Lees

List

Natanja is moeder van een dochter (9 jaar) en een zoon (7 jaar) en sinds deze zomer blogger bij de club. Kinderen die, net als andere kinderen, graag op een scherm zitten. Maar Natanja verzint een list om ze eraf te krijgen. Of…..

Wandelen. De trend van 2020. Je moet iets om uit de sleur van pandemisch thuiszitten te komen. Ook ik zit hele werkdagen op m’n kont te videovergaderen en moedig mezelf daarom geregeld aan om de frisse lucht in te stappen. Ik ben in beweging, geniet van de prachtige natuur en voel me gelouterd bij thuiskomst. En het kost niets. 

Mijn kinderen houden niet van wandelen of de loutering die het oplevert. Waar ze wél van houden, is enthousiast naar een scherm staren. Om te TikTokken, Minecraften (‘mogen we multiplayen mam?’) of naar tierende jongens op YouTube te kijken. Ik begrijp het plezier, maar vind het ook ongezond en mán, wat een lamlendig humeur krijgen ze ervan. We hebben duidelijke afspraken over hun ‘schermtijd’, toch neemt dat niet weg dat ze continu verlangen naar een tablet of telefoon en er bij voorkeur uren achter zitten. 

We moeten naar buiten. Even die oogjes andere kost gunnen.

Op een zonnige herfstochtend komt het moment dat ik ze extra aandacht besluit te geven, en ze opdraag hun tablet weg te leggen. We moeten naar buiten. Even die oogjes andere kost gunnen.
‘Jongens!’ roep ik, ‘het is prachtig herfstweer – we gaan een lekker stukkie wandelen!’ De schrik in hun ogen kan bijna niet groter. Ik heb zojuist een heel vies woord uitgesproken. Wan-de-len. Nu? Ieuw. Echt niet. ‘Da’s sáái’ zeggen ze in koor. Ik zucht. Zo krijg ik ze niet mee. 

‘Weet je wat?’ zeg ik, ‘we installeren Pokémon Go op mijn telefoon – we gaan Pokémon vangen!’ Dat lijkt hen al tijden geweldig om te doen. Stante pede word ik moeder van de maand. Ook al haak ik tien jaar later nog eens een keertje aan op de trend, ze vinden het een briljant idee. 

Ik heb er zin in – maar mijn idee van fiks doorwandelen en het gebruik van Pokémon Go blijken in schril contrast met elkaar. Iedere anderhalve meter poppen minstens drie Pokémon op (wist ik veel dat we in zulk dichtbevolkt gebied wonen), waardoor het kind met de telefoon in bezit acuut stilstaat, we als ganzen tegen elkaar opbotsen en minstens een minuut stilstaan om dat ding te vangen, turend op het beeldscherm. Om daarna verheugd te roepen: ‘Yes, we hebben een Dunsparce, een Rattata, een Charmander! Wauw, 600 punten erbij!’  
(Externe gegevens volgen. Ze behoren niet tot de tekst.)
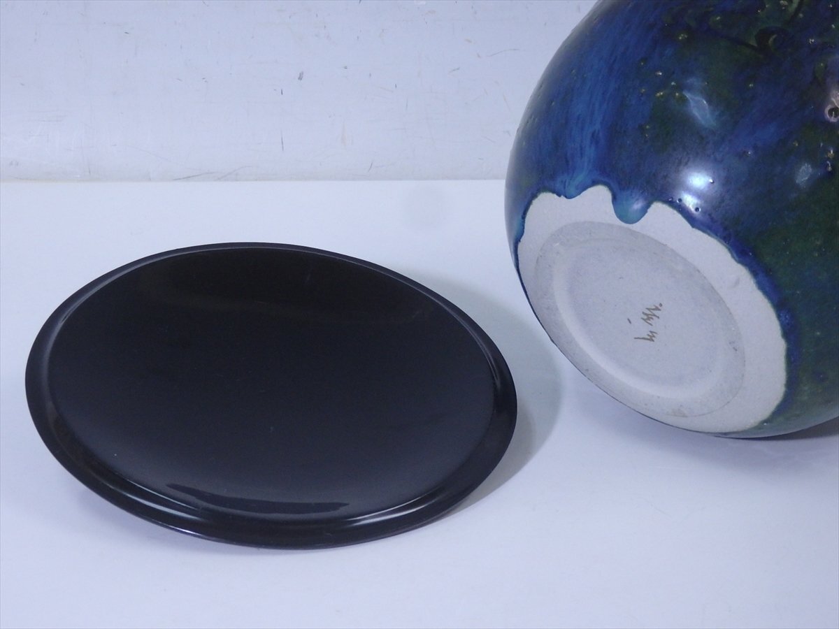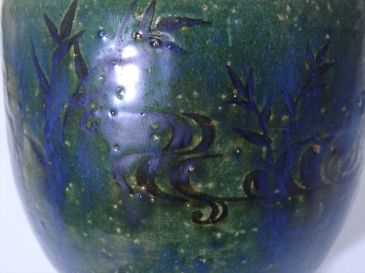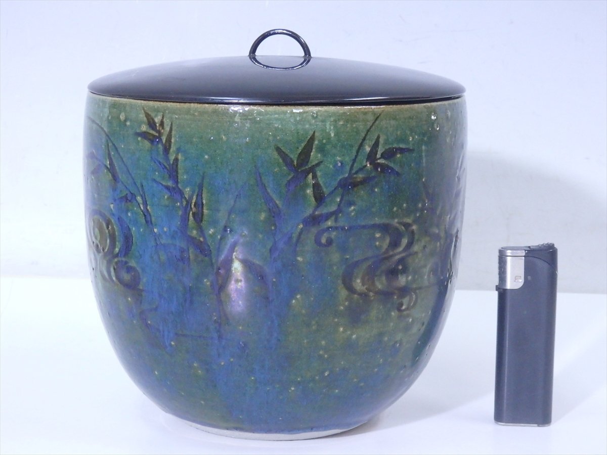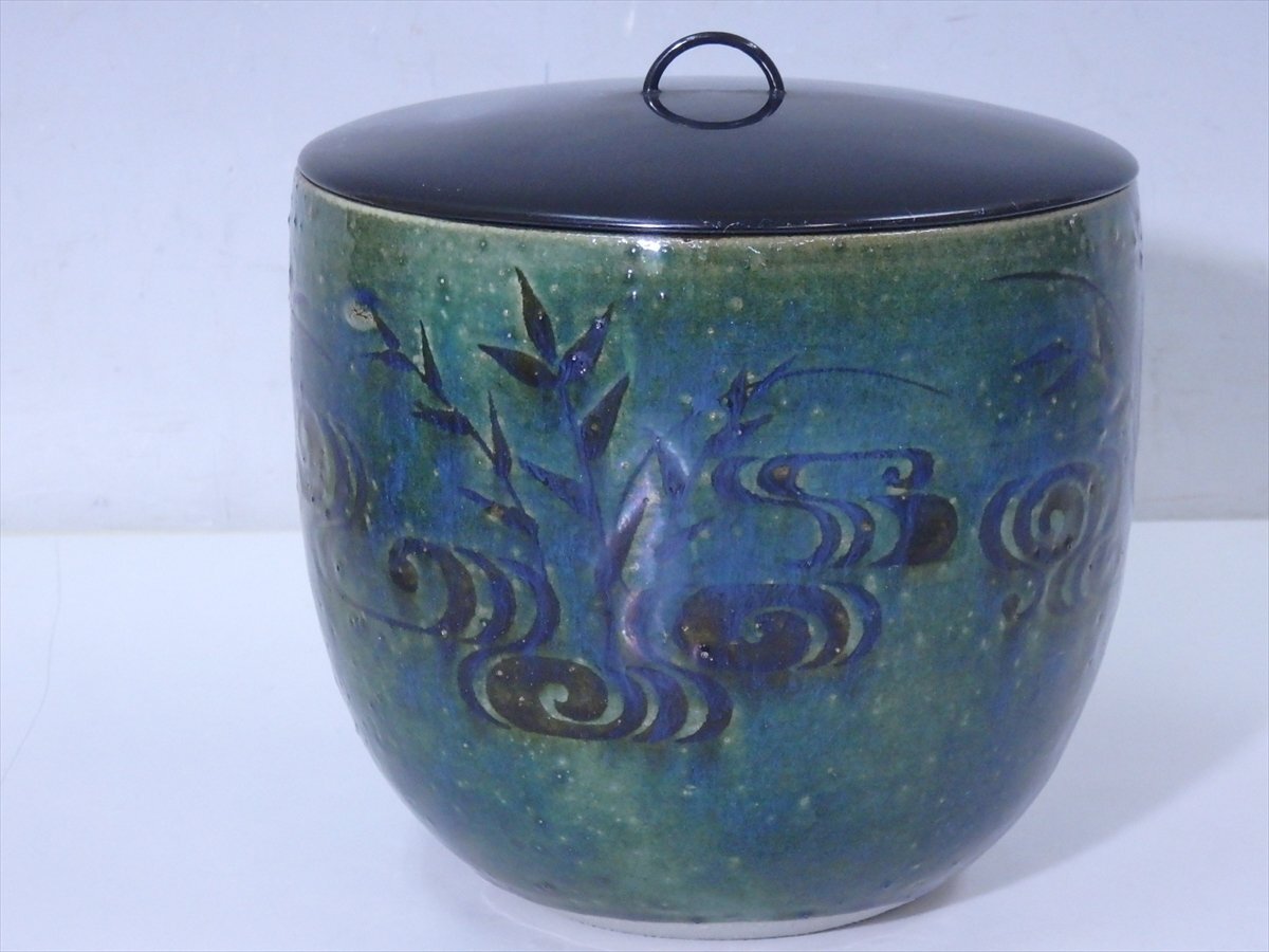【管理番号5-0924218-8 スタッフコメント:iy】  ☆流水に草の彫り。美しく深いグリーン、内側は深海のブルー。大ぶり。こんもりと丸みのある形もよいものです。底に作家の銘あり。割れや欠けはなく状態の良いお品です。共箱入り、栞付き。

Dat gaat zo twee uur door. Doorgewaaid en best moe komen we thuis. Ik maak koffie en limonade en denk nog eens na over mijn geweldig slimme actie. Hebben we lekker gewandeld? Nou en of. Een rondje van wel 1,5 kilometer. Hebben we iets van de omgeving gezien? Helaas. Ze hebben geen neerdwarrelend blaadje gezien, maar alleen maar Pokémon-punten geteld. 

Ik besef me ineens de onhandigheid van deze keuze. Hebben ze het toch voor elkaar. Dit was gewoon ordinaire schermtijd, maar dan in de buitenlucht.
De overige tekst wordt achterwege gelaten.